Voilà j'hésite entre m'acheter l'ipad rétina (16g) ou l'ipad mini (32g) (enfin ceux qui vont sortir très prochainement). La question a sûrement déjà été abordé, mais je n'ai pas trouvé de réponse précise.

Es-ce que l'écran de l'ipad mini est suffisant pour regarder des films et surtout des série tv (je ne parle certes pas d'un film comme le seigneur des anneaux  ). Après multiple passage à l'Apple store, j'arrive pas à me décider. La différence avec l'ipad rétina se fait-elle vraiment ressentir ?


Merci d'avance !


----------



## nifex (27 Septembre 2013)

Perso je trouve le 7" trop petit pour regarder un film ou une série agréablement... (j'ai une Nexus 7 et un iPad 2).

Mais bon c'est très relatif comme avis et chacun te donnera une réponse différente...

Il faudrait voir se que tu vas en faire d'autre, si tu as besoin de mobilité pour le sortir de la maison le mini est parfait et si c'est que pour chez toi alors l'iPad normal est idéal...


----------



## VodkAtekz (28 Septembre 2013)

Salut 

Enfaite tout dépend de toi, si tu juges que l'écran n'est pas assez grand, ne prend pas un ipad mais prend un iPad de taille classique. Personnellement moi j'ai un iPad mini, j'ai beaucoup de jeux dessus, mais je m'en sers aussi de temps à autre quand je voyage pour regarder des films. Je trouve que l'iPad mini est mieux pour sa taille notamment, tu peux le ranger facilement et le tenir à une main, c'est vraiment très pratique quand tu voyages beaucoup.

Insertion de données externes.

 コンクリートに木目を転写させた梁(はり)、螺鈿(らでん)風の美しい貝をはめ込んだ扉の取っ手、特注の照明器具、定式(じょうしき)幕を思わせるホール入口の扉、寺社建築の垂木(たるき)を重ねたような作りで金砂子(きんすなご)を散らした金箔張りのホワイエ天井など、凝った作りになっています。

Après, la différence-écran normale et rétina tu la remarques vraiment si tu commences à faire de la photo retoucher ou que tu modifies des films, etc. Sinon ça peut être vraiment sympa pour regarder des films de très haute résolution. Personnellement je ne vois pas vraiment de différence d'un écran classique à un rétina pour mon utilisation.

Enfin, je ne te donne que mon point de vue, personnellement je suis plus pour un iPad mini, écran rétina ou non, la qualité est vraiment top ! Et un 32G je trouve que c'est parfait, 16G s&#8217;est vite remplie et 64G ça fait un peu gros, mais encore une fois il s'agit de mon point de vue.

à bientôt


----------



## xmbxmb (28 Septembre 2013)

Merci beaucoup pour vos réponses !

L'utilisation que j'en ferai est principalement de la lecture de films/séries, de la navigation web et peut être aussi de la lecture de journaux et magazines. Pas de jeux a priori, ni de retouche photo ou video.

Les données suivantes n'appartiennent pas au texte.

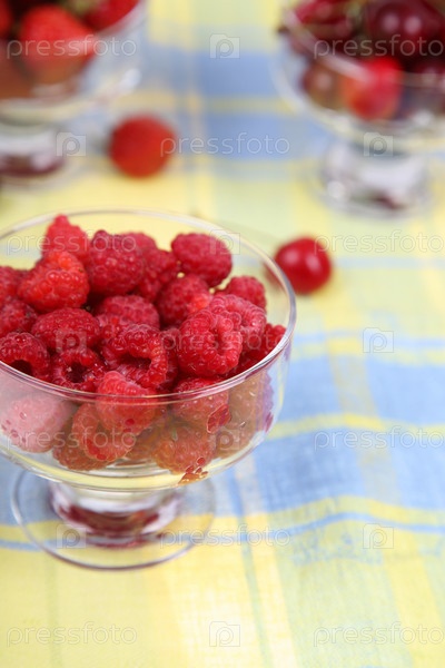 Малина, вишня и клубника в стеклянной чаше на льняной скатерти

Vu vos réponses, c'est en effet assez subjectif. Je crois que je vais attendre avec impatiente les nouveaux modèles et je me déciderai ! 

Merci encore !


----------



## doupold (28 Septembre 2013)

xmbxmb a dit:


> Merci beaucoup pour vos réponses !
> 
> L'utilisation que j'en ferai est principalement de la lecture de films/séries, de la navigation web et peut être aussi de la lecture de journaux et magazines. Pas de jeux a priori, ni de retouche photo ou video.
> 
> ...



Une question primordiale dans le choix entre iPad et iPad mini: sédentaire ou nomade? La différence est énorme en terme de mobilité: l'iPad mini n'est BEAUCOUP plus.


----------